Department of Biochemistry, Cancer Center, Purdue University, West Lafayette, IN 47907, USA.
Oncogene (Impact Factor: 8.46). 09/2008; 27(52):6635-45. DOI: 10.1038/onc.2008.262
Source: PubMed


Polo-like kinase 1 (Plk1), the best characterized member of the mammalian polo-like kinase family, is well regulated throughout the cell cycle at the protein expression level. Moreover, it is known that Plk1 kinase activity is also regulated at the post-translational level through phosphorylation. However, the upstream kinases of Plk1 have not been identified. Although the involvement of the p38 MAP kinase pathway in cellular responses to stress has been well documented, the role of this pathway in normal cell cycle progression is unclear. Here, we show that phosphorylated p38 and MAP kinase-activated protein kinase 2 (MK2) are colocalized with Plk1 to the spindle poles during prophase and metaphase. Specific depletion of various members of the p38 MAP kinase pathway by the use of RNA interference revealed that the pathway is required for mitotic progression under normal growth conditions.
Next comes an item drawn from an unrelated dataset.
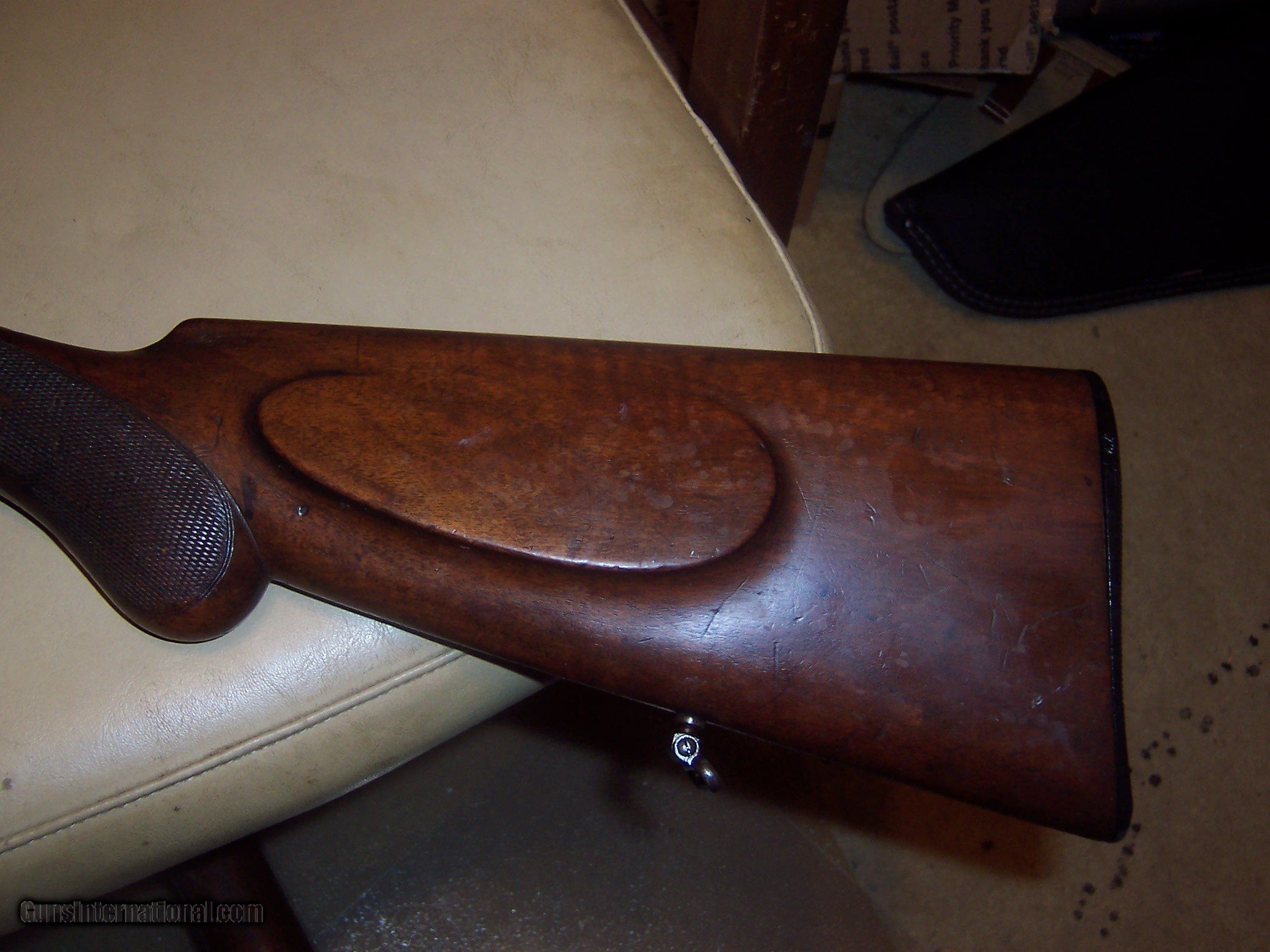 Description: 8x57JR x 16 GAGE LESS THAN 2 3/4 INCH CHAMBER either 2 1/2 or 2 9/16,,FINE BORES,,, GUN IS MECANICLY FINE 80% BARREl BLUE NO BREAkS OR CHIPS IN STOCK COCKING INDICATORS POP UP SIGHT GREENER SAFETY MADE IN 1930S WOOD SHOWS ONLY NORMAL HANDLING MARKS REPAIRE CHIPS IN BUTT PLATE barres marked krup laufstahl als marked jpsauer and sohn, nice old drilling locks up tikht as new SOLD Curio/Relic: Yes Rifle Caliber: 8x57mm JR Shotgun Gauge: 16 Gauge Manufacturer: jp sauer and sohn Condition: vg + |

Furthermore, MK2 directly phosphorylates Ser326 of Plk1. Ectopic expression of Plk1-S326A completely blocked cells at mitosis, likely due to the defect of bipolar spindle formation and subsequent activation of the spindle checkpoint. Only Plk1-S326E, but not the Plk1-S326A, efficiently rescued the p38 or MK2-depletion-induced mitotic defects, further solidifying the requirement of S326 phosphorylation during mitotic progression.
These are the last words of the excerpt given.